There is legal precedent for this. Field v. Google Inc., 412 F. Supp. 2d 1106, (U.S. Dist. Ct. Nevada 2006). Google won a summary judgement based on several factors, most notably that the author did not utilize a robots.txt file in the metatags on his website, which would have prevented Google from crawling and caching pages the website owner did not want indexed.

Ruling pdf

There is NO U.S. law specifically dealing with robots.txt files; however another court case has set some precedent that could eventually lead to robots.txt files being considered as circumventing intentional electronic measures taken to protect content.
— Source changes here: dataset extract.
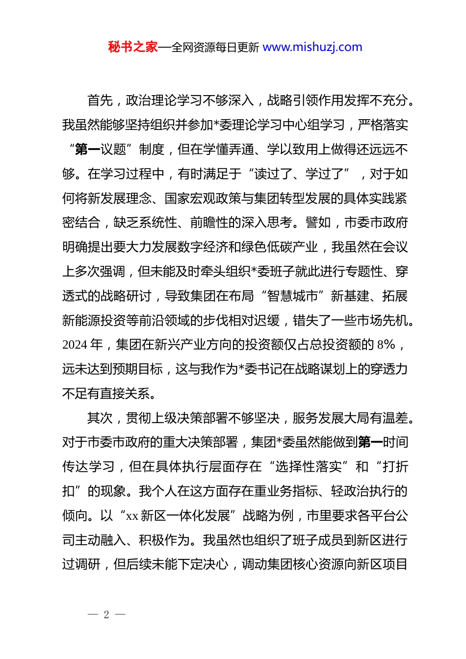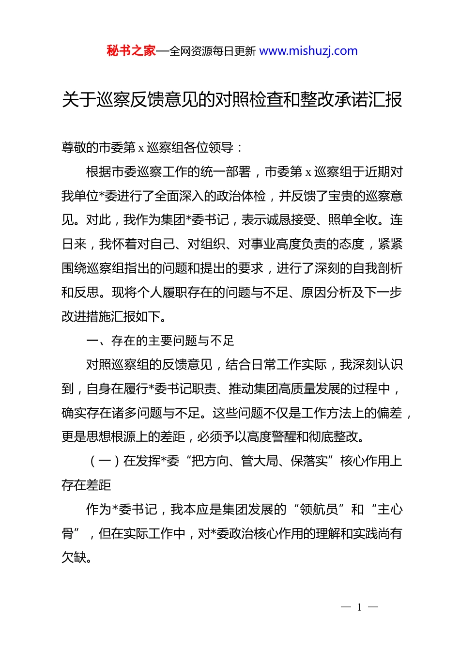 秘书之家—全网资源每日更新 www.mishuzj.com关于巡察反馈意见的对照检查和整改承诺汇报尊敬的市委第 x 巡察组各位领导:根据市委巡察工作的统一部署,市委第 x 巡察组于近期对我单位*委进行了全面深入的政治体检,并反馈了宝贵的巡察意见。对此,我作为集团*委书记,表示诚恳接受、照单全收。连日来,我怀着对自己、对组织、对事业高度负责的态度,紧紧围绕巡察组指出的问题和提出的要求,进行了深刻的自我剖析和反思。现将个人履职存在的问题与不足、原因分析及下一步改进措施汇报如下。一、存在的主要问题与不足对照巡察组的反馈意见,结合日常工作实际,我深刻认识到,自身在履行*委书记职责、推动集团高质量发展的过程中,确实存在诸多问题与不足。这些问题不仅是工作方法上的偏差,更是思想根源上的差距,必须予以高度警醒和彻底整改。(一)在发挥*委“把方向、管大局、保落实”核心作用上存在差距作为*委书记,我本应是集团发展的“领航员”和“主心骨”,但在实际工作中,对*委政治核心作用的理解和实践尚有欠缺。— 1 —秘书之家—全网资源每日更新 www.mishuzj.com首先,政治理论学习不够深入,战略引领作用发挥不充分。我虽然能够坚持组织并参加*委理论学习中心组学习,严格落实“第一议题”制度,但在学懂弄通、学以致用上做得还远远不够。在学习过程中,有时满足于“读过了、学过了”,对于如何将新发展理念、国家宏观政策与集团转型发展的具体实践紧密结合,缺乏系统性、前瞻性的深入思考。譬如,市委市政府明确提出要大力发展数字经济和绿色低碳产业,我虽然在会议上多次强调,但未能及时牵头组织*委班子就此进行专题性、穿透式的战略研讨,导致集团在布局“智慧城市”新基建、拓展新能源投资等前沿领域的步伐相对迟缓,错失了一些市场先机。2024 年,集团在新兴产业方向的投资额仅占总投资额的 8%,远未达到预期目标,这与我作为*委书记在战略谋划上的穿透力不足有直接关系。其次,贯彻上级决策部署不够坚决,服务发展大局有温差。对于市委市政府的重大决策部署,集团*委虽然能做到第一时间传达学习,但在具体执行层面存在“选择性落实”和“打折扣”的现象。我个人在这方面存在重业务指标、轻政治执行的倾向。以“xx 新区一体化发展”战略为例,市里要求各平台公司主动融入、积极作为。我虽然也组织了班子成员到新区进行过调研,但后续未能下定决心,调动集团核心资源向新区项目— 2 —秘书之家—全网资源每日更新 www.mishuzj.com倾斜,总担心新区的项目投资周期长、回报不确定,会影响集团当期的营收和利润数据。这种求稳怕乱、患得患失的心态,导致集团在新区建设中的角色从“主力军”降格为“参与者”,未能充分彰显市属国企在重大战略中的担当和作为。再者,“三重一大”决策制度执行不够严格,*委前置研究讨论程序有时虚化。我深刻反思,在工作中确实存在为了追求所谓的“效率”而简化决策流程的情况。尤其是在一些时间紧、任务重的项目上,我有时会先入为主形成意见,习惯于在董事长办公会或总经理办公会上与行政班子成员商议并形成初步方案,再提交*委会审议。这使得*委的前置研究讨论在客观上变成了对既定方案的“背书”环节,未能充分发挥*委在重大决策中的前置把关和集体决策作用。比如,在 2025 年初的“xx 片区综合开发项目”二期融资方案决策中,由于时间紧迫,我直接召集财务和投融资部门开会敲定了高达 15 亿元的融资方案,提交*委会时,留给各位委员研究思考的时间不足,讨论不够充分,导致后续在执行中发现方案对利率波动的风险预估不足,增加了集团的财务成本。(二)在履行全面从严治*“两个责任”上存在短板作为管*治*的第一责任人,我深感自己肩上的担子之重,但对照巡察要求,深查细照,仍发现存在明显差距。— 3 —秘书之家—全网资源每日更新 www.mishuzj.com第一,落实主体责任不够到位,压力传导层层递减。我对全面从 v 治*工作的复杂性和长期性认识不足,存在一定的“重业务、轻 dj”思想。虽然每年都按要求主持召开*风廉政建设专题会议、签订责任书,但往往是“以会议落实会议、以文件落实文件”,对责任...

In HEALTHCARE ADVOCATES, INC Vs HARDING, EARLEY, FOLLMER & FRAILEY, et. al, Healthcare Advocates argued that Harding et al essentially hacked the capabilities of the Wayback Machine in order to gain access to cached files of pages that had newer versions with robots.txt files. While Healthcare Advocates lost this case, the District Court noted that the problem was not that Harding et al "picked the lock," but that they gained access to the files because of a server-load problem with the Wayback Machine that granted access to the cached files when it shouldn't have and therefore there was "no lock to pick."

Court Ruling pdf

It is only a matter of time IMHO until someone takes this ruling and turns it on its side: The court indicated that robots.txt is a lock to prevent crawling and circumventing it is picking the lock.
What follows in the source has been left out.